Items from a data source:

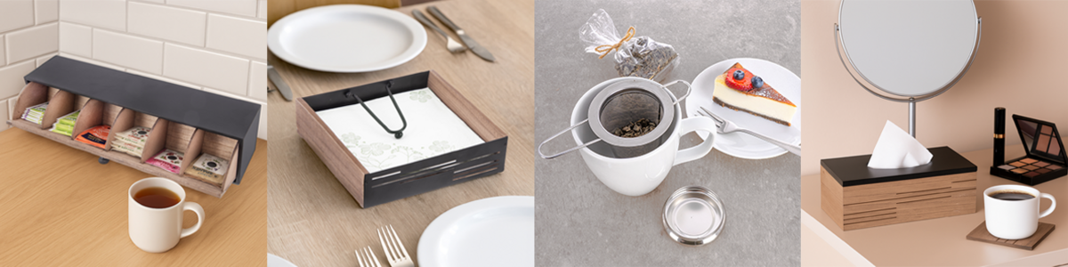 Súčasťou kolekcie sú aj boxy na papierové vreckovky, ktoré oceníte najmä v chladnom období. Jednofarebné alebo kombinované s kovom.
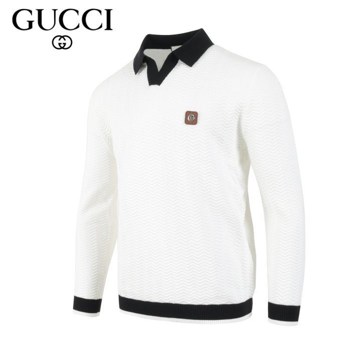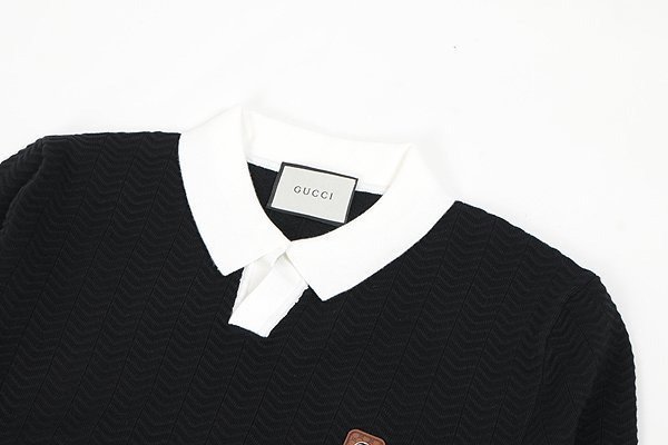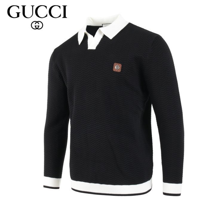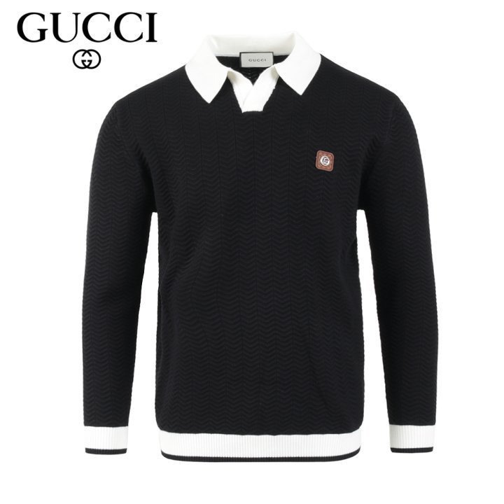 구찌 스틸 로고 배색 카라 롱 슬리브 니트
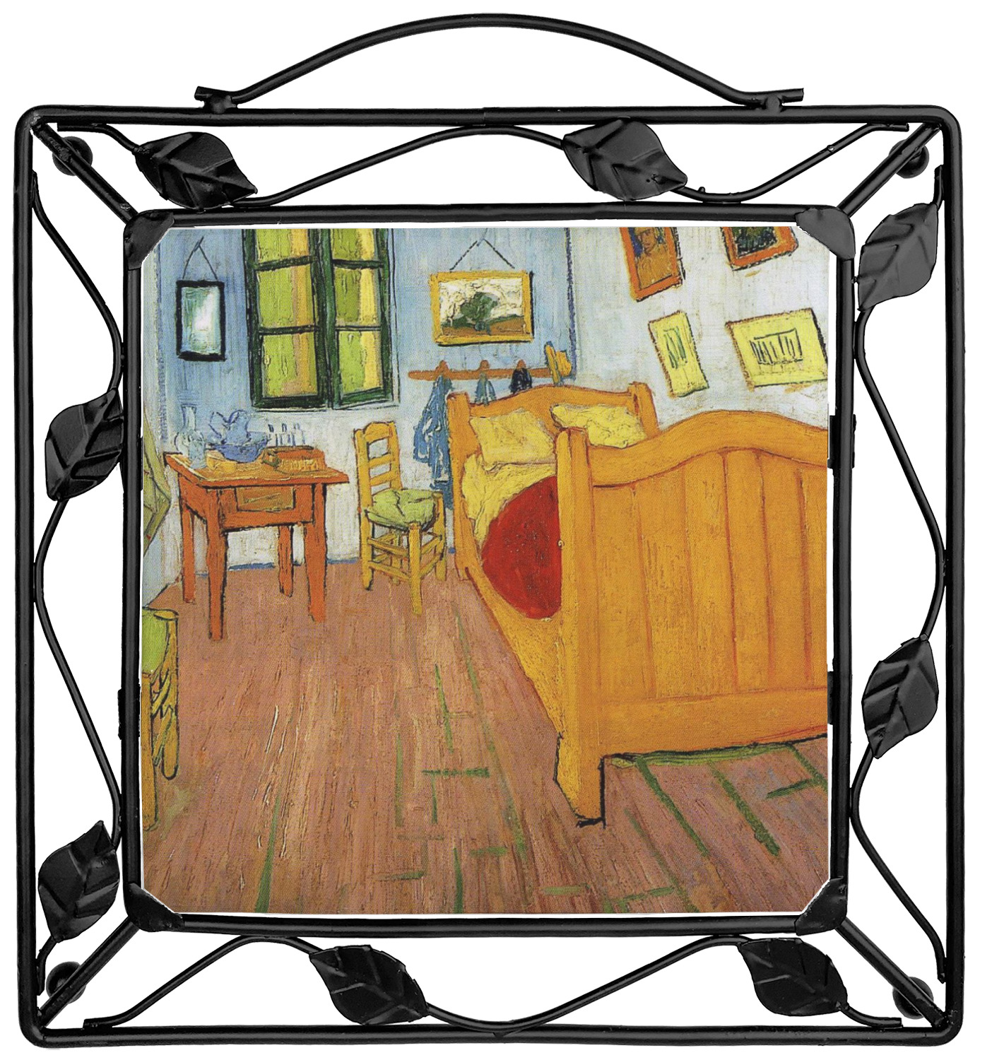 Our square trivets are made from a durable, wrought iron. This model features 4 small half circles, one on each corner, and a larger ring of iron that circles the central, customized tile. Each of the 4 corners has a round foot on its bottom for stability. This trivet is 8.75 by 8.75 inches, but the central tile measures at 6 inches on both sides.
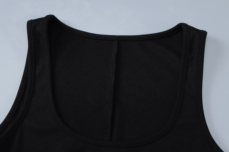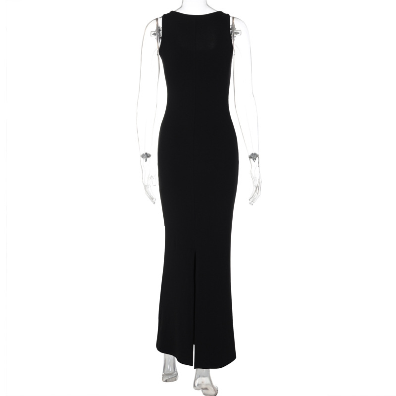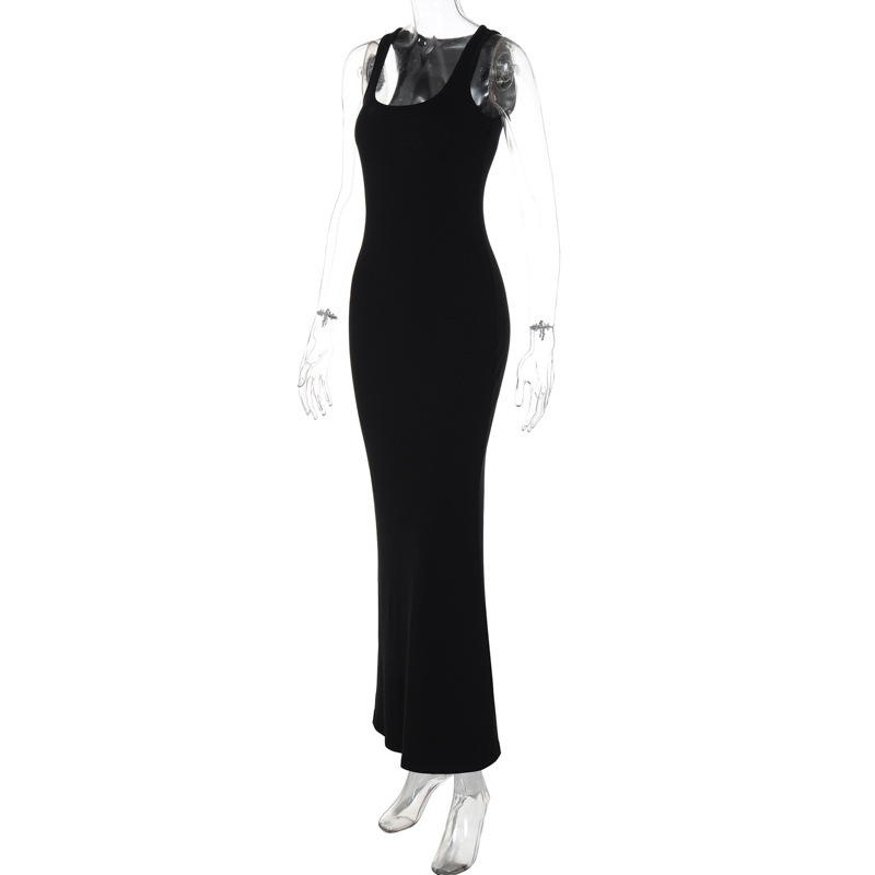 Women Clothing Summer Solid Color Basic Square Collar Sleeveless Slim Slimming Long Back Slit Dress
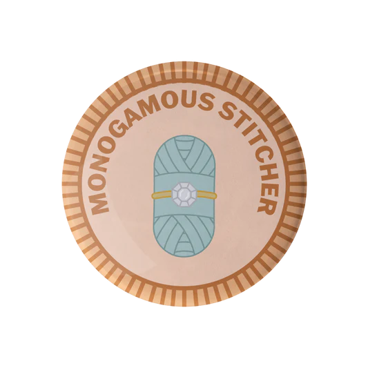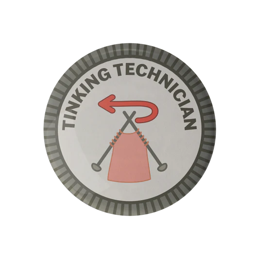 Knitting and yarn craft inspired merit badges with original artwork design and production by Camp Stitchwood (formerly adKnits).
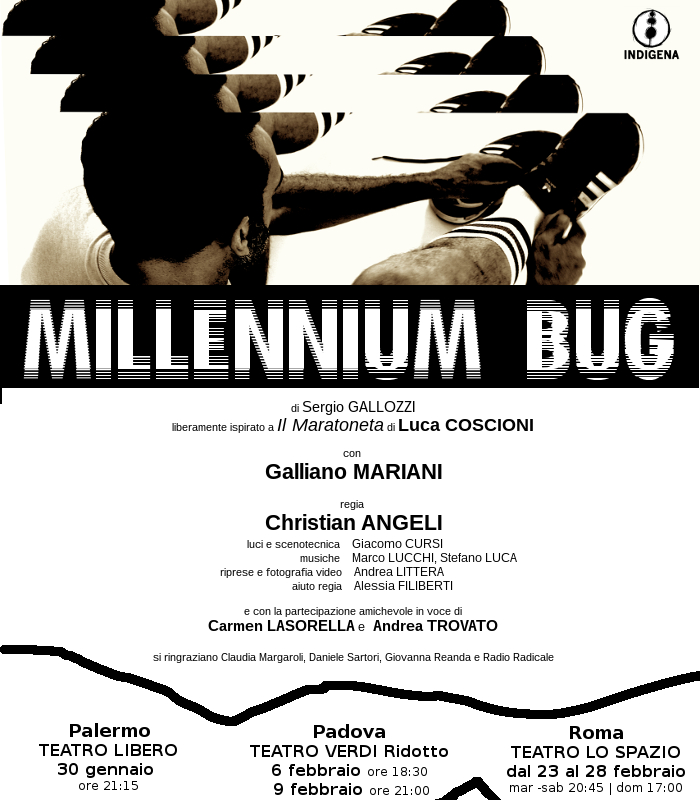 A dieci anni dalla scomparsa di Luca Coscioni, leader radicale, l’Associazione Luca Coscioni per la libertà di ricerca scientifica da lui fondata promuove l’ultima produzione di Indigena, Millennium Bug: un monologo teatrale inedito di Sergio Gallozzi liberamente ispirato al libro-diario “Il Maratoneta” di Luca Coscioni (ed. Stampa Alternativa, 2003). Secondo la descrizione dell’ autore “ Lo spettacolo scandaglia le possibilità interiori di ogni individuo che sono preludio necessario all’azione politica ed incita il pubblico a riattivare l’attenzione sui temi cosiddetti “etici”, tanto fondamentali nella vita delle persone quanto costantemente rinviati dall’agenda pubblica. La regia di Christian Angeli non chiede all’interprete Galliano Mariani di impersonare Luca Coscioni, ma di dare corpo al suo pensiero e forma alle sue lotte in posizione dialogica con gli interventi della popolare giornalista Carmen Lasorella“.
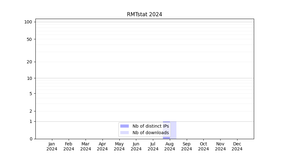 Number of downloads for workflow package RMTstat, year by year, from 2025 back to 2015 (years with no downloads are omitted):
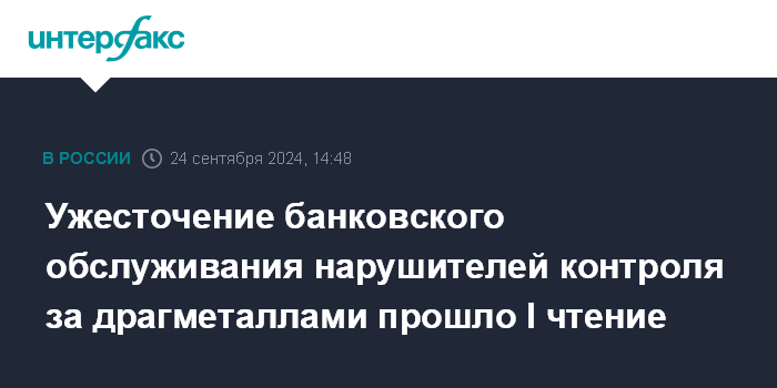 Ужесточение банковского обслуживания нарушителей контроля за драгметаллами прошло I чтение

* The task: Repeat, without pictures, exactly the lines of the data above from the one containing "Women Clothing Summer" through the one containing "Knitting and yarn", including both and adding nothing.

* Task solution:
 Women Clothing Summer Solid Color Basic Square Collar Sleeveless Slim Slimming Long Back Slit Dress
 Knitting and yarn craft inspired merit badges with original artwork design and production by Camp Stitchwood (formerly adKnits).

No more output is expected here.